[THE DATA]
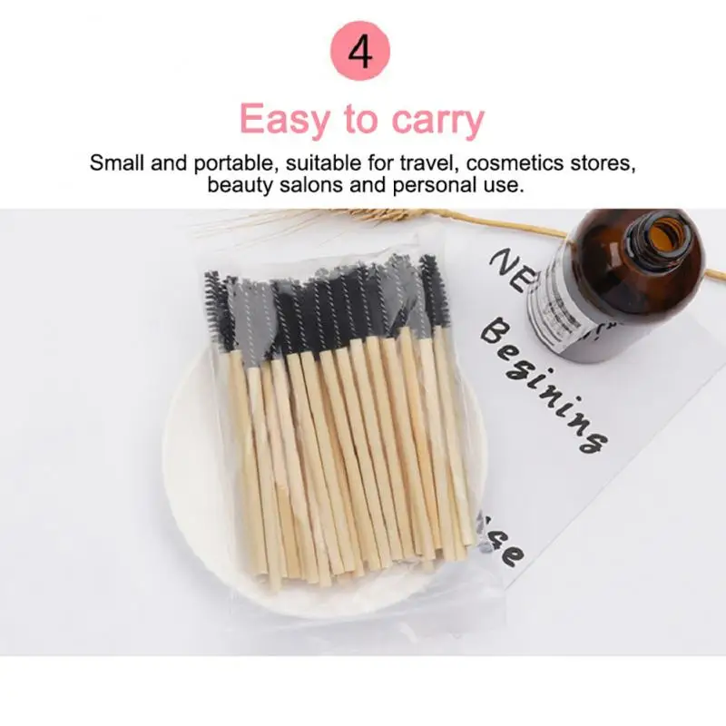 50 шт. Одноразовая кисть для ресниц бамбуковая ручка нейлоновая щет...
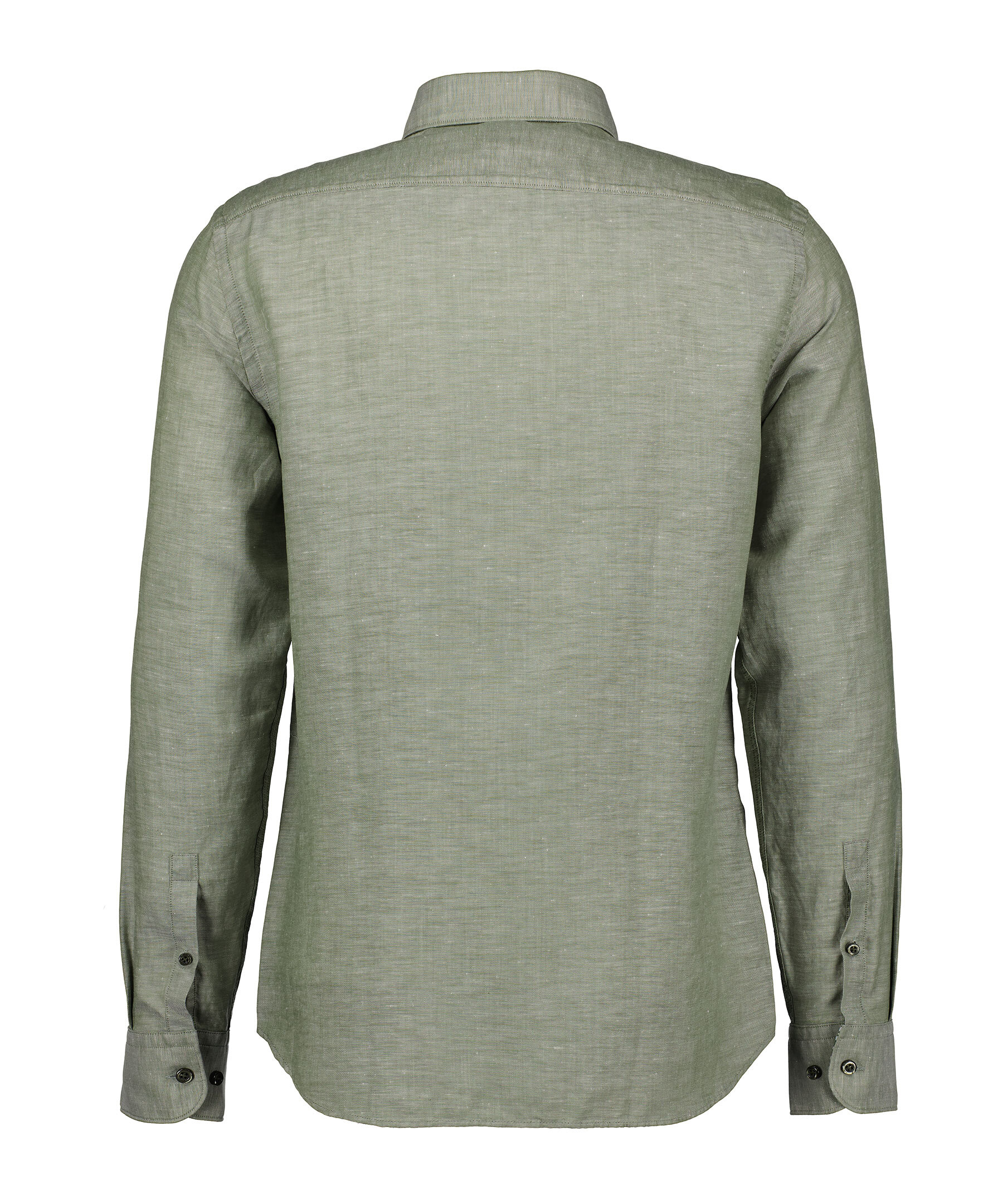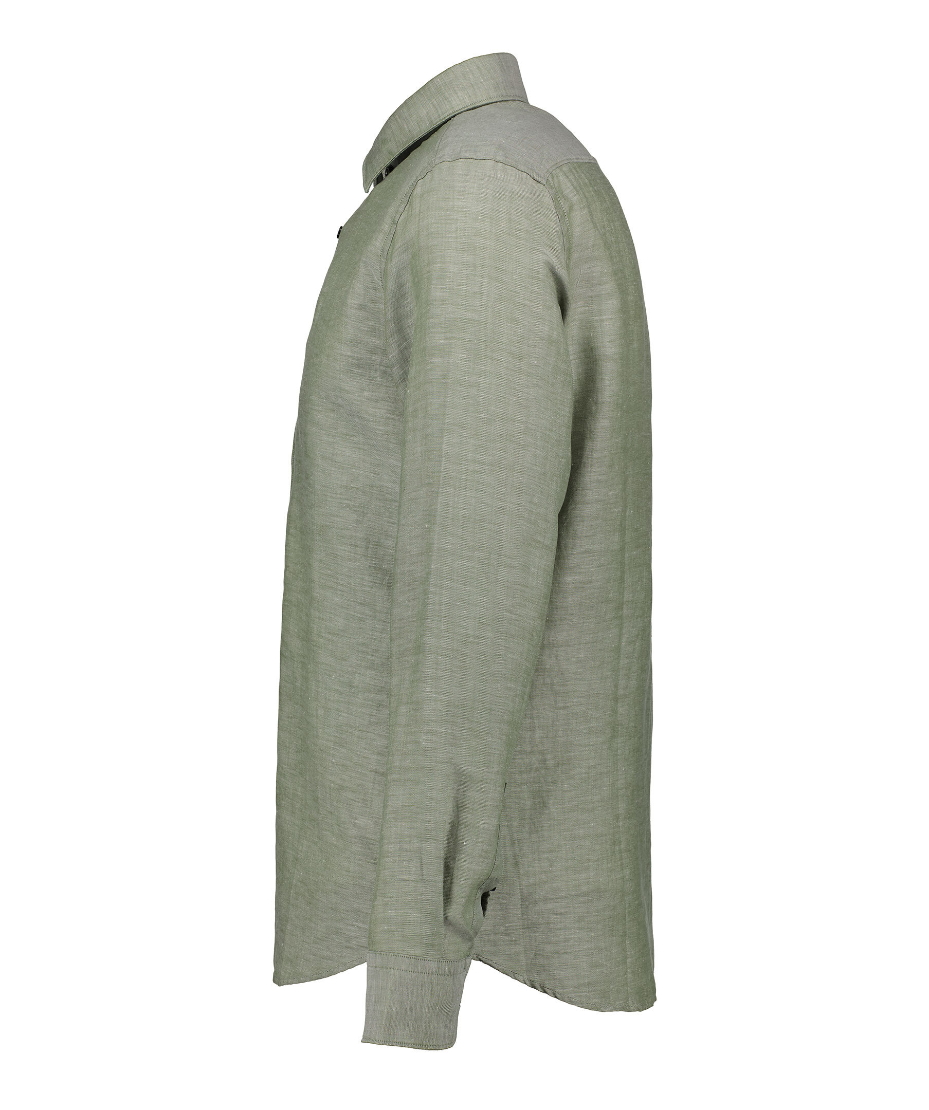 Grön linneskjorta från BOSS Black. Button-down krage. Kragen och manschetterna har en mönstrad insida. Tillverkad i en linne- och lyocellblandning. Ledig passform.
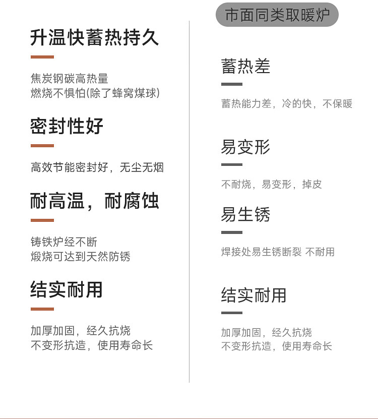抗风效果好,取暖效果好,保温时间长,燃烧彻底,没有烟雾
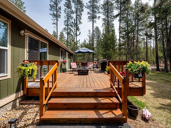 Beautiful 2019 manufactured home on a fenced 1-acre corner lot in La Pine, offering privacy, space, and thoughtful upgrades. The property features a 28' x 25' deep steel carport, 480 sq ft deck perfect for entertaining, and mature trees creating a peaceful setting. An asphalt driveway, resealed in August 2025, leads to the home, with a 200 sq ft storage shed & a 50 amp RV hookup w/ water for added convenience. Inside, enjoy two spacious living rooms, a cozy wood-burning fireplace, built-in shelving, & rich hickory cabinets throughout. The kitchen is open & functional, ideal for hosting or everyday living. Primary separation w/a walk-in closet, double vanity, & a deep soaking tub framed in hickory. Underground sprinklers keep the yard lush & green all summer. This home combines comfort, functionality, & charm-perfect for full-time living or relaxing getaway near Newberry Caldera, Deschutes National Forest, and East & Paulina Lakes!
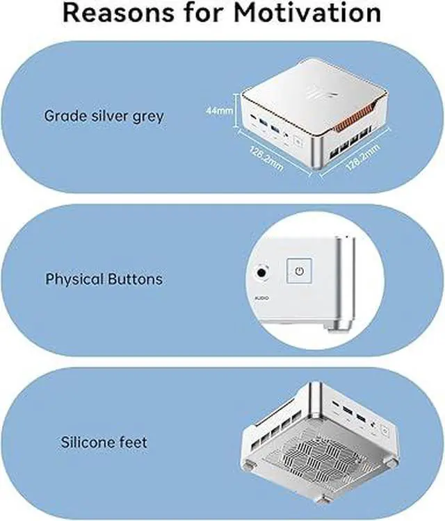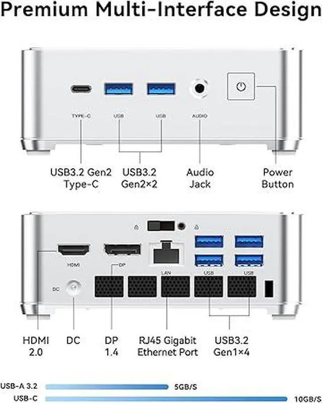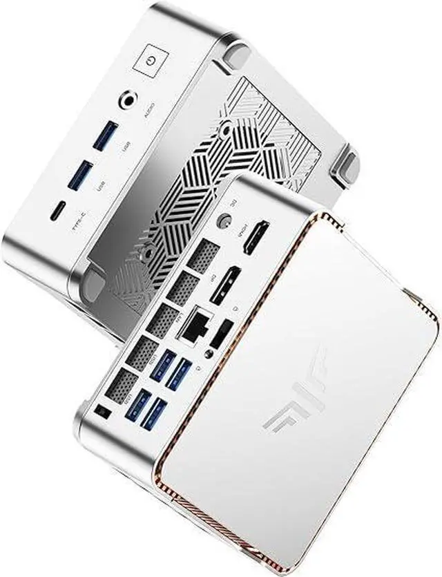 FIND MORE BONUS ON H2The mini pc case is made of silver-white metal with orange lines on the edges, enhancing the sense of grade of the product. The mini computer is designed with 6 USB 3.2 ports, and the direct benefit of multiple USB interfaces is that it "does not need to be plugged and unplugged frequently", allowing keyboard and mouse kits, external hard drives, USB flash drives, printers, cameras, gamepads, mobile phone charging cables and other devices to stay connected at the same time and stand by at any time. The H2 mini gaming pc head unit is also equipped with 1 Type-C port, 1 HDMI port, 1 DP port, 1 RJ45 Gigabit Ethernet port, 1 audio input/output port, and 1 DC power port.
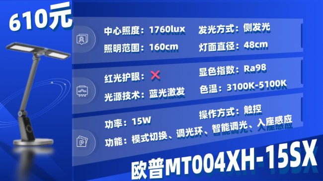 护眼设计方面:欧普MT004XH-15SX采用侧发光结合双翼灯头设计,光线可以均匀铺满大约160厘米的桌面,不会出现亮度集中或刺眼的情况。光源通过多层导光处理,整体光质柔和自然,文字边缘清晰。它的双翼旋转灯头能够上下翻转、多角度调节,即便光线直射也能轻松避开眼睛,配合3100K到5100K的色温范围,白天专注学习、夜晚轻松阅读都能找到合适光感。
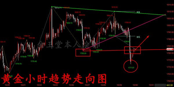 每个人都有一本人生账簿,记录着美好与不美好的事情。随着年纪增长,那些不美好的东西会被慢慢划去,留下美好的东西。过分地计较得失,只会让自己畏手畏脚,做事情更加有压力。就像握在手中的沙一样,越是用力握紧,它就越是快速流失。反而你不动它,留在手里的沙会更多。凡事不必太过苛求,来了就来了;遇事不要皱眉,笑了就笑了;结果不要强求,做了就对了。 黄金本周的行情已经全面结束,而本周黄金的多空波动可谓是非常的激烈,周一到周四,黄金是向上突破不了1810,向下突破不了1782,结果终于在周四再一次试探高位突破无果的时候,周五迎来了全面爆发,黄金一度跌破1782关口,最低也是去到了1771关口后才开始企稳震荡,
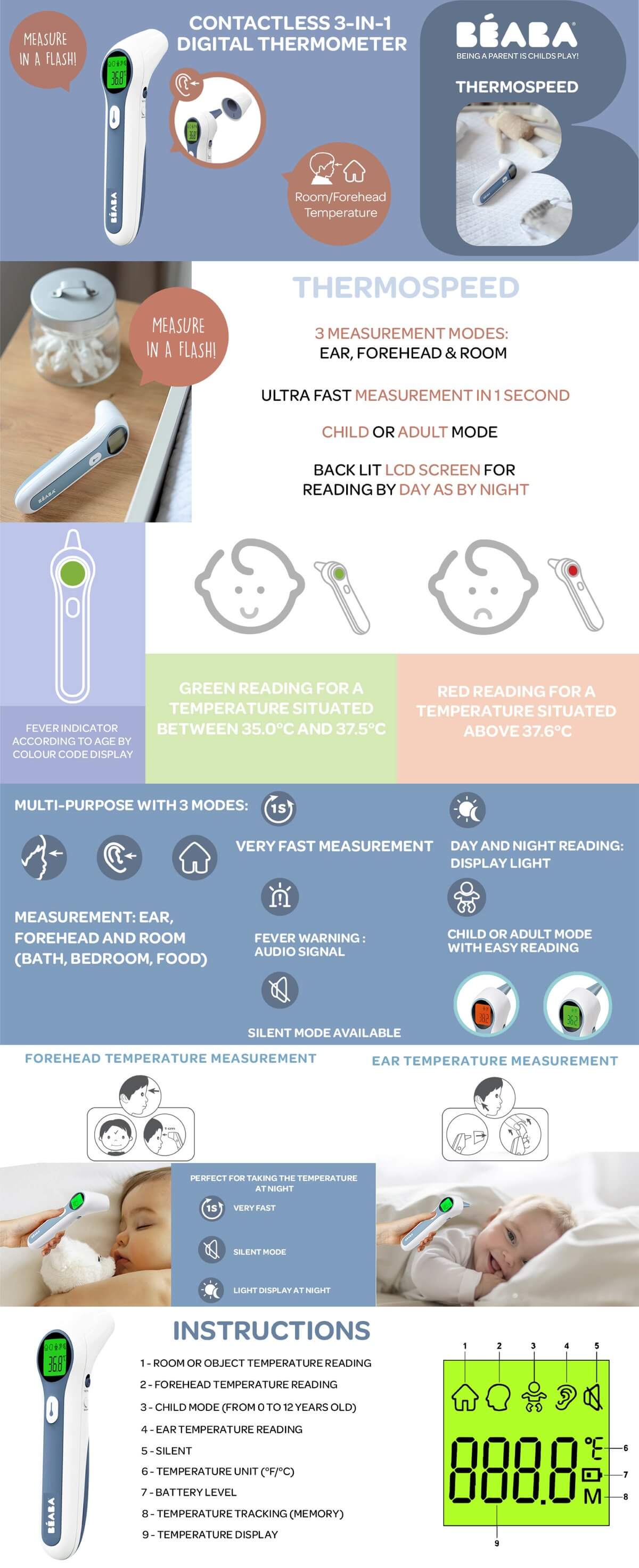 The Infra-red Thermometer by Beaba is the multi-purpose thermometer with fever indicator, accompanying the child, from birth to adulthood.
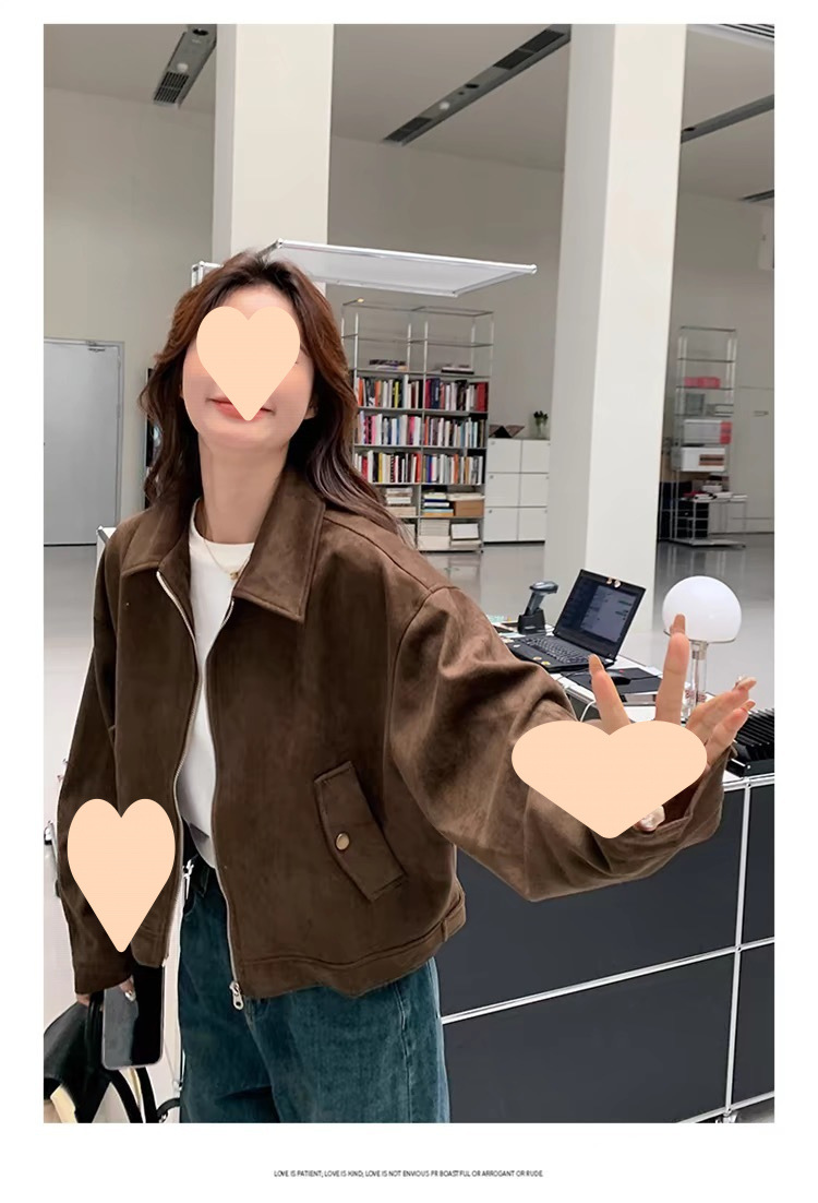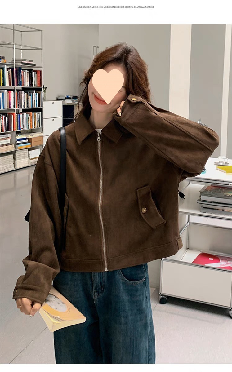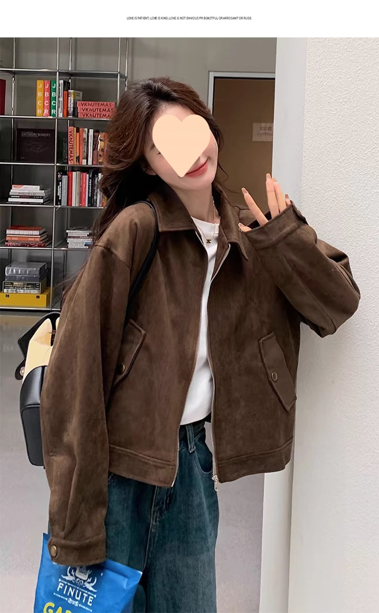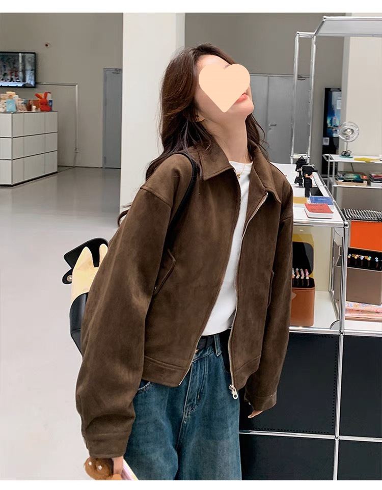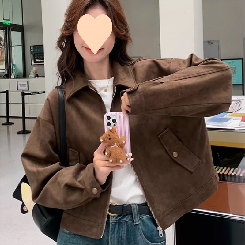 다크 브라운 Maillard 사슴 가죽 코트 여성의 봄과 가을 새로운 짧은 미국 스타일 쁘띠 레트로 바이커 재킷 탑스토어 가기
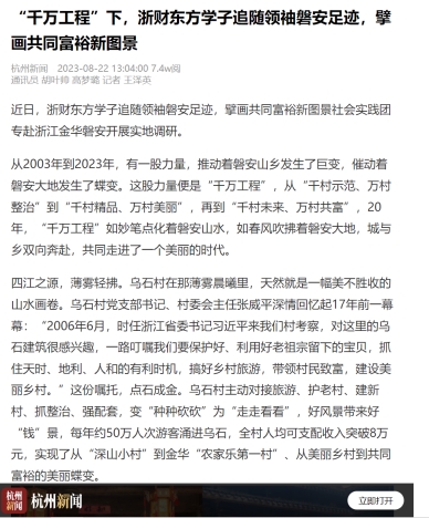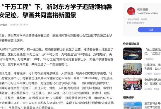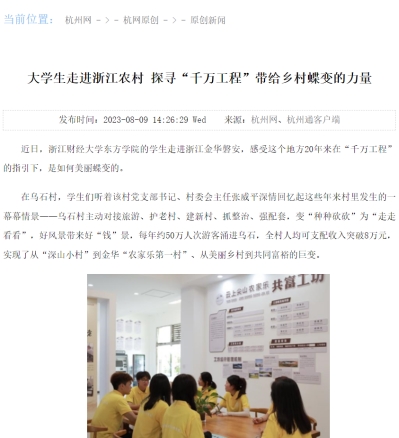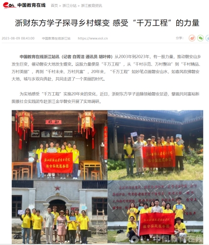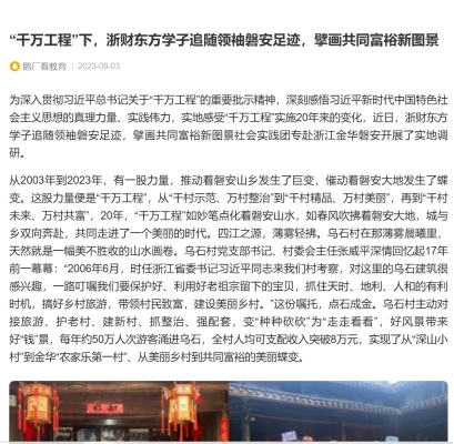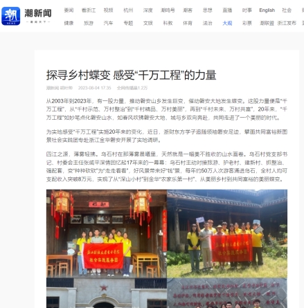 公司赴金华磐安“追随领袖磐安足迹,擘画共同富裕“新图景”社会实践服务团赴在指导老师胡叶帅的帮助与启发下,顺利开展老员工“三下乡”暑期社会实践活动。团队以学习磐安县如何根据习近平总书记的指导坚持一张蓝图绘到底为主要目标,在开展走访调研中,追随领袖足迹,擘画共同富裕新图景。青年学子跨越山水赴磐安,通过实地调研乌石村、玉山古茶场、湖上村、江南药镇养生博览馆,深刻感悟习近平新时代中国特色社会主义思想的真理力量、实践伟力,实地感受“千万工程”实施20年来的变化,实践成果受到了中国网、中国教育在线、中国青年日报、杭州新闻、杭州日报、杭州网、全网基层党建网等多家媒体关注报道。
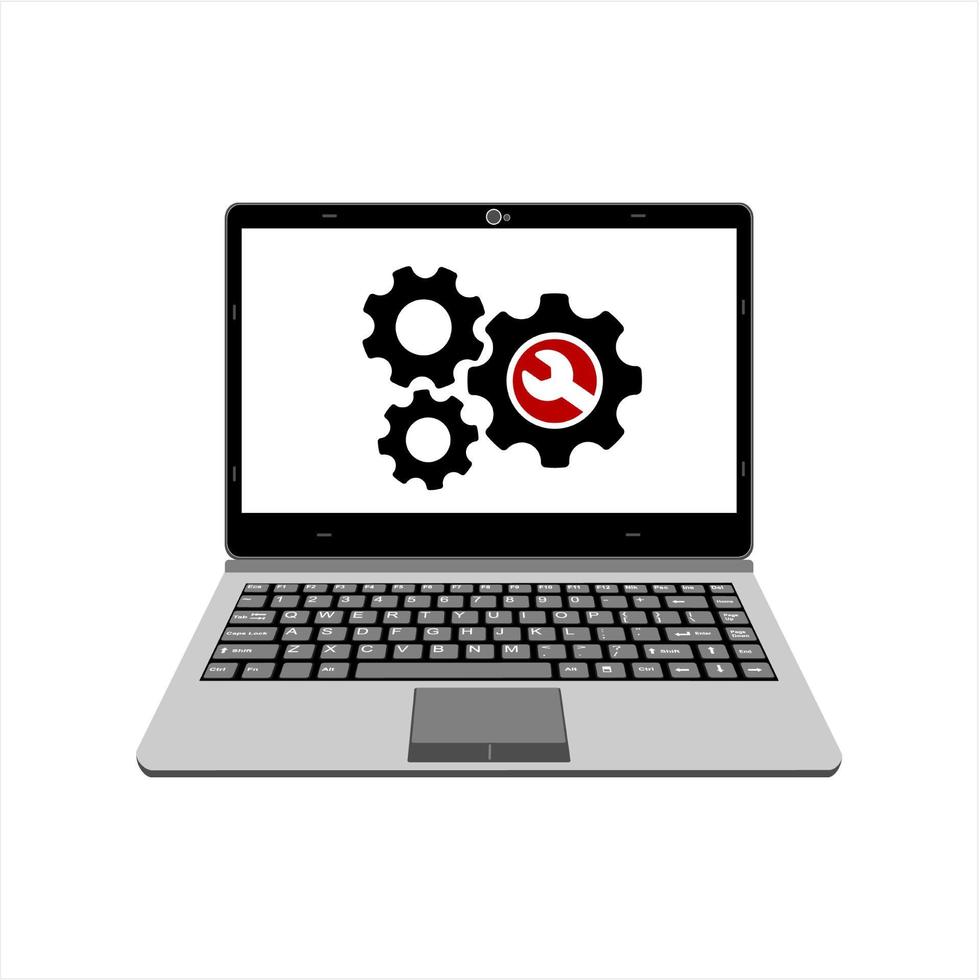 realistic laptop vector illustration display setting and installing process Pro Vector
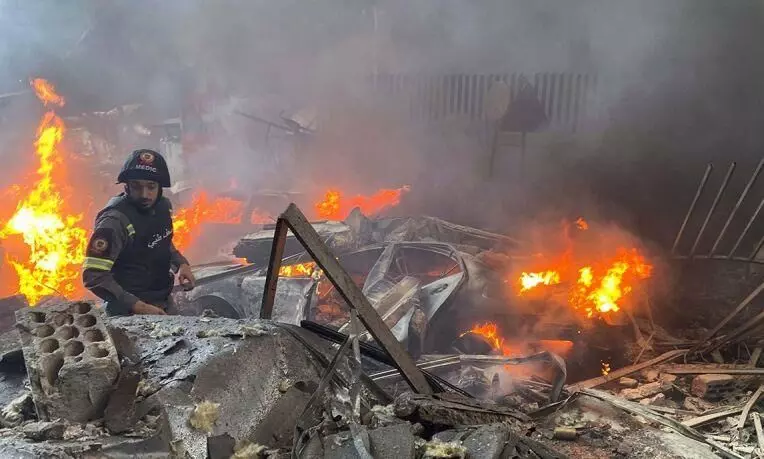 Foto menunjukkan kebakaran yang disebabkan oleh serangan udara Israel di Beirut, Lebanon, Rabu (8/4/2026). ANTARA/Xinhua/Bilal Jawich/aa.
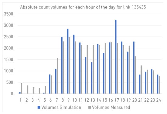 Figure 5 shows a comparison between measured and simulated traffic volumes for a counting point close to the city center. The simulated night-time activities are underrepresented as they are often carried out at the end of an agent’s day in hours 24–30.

[TASK ITEM]
Transcribe exactly each line of the records from the start up to and including the one with "抗风效果好,取暖效果好,保温时间长,燃烧彻底,没有烟雾", and leave out every picture.

[RESULT OF THE TASK]
 50 шт. Одноразовая кисть для ресниц бамбуковая ручка нейлоновая щет...
 Grön linneskjorta från BOSS Black. Button-down krage. Kragen och manschetterna har en mönstrad insida. Tillverkad i en linne- och lyocellblandning. Ledig passform.
抗风效果好,取暖效果好,保温时间长,燃烧彻底,没有烟雾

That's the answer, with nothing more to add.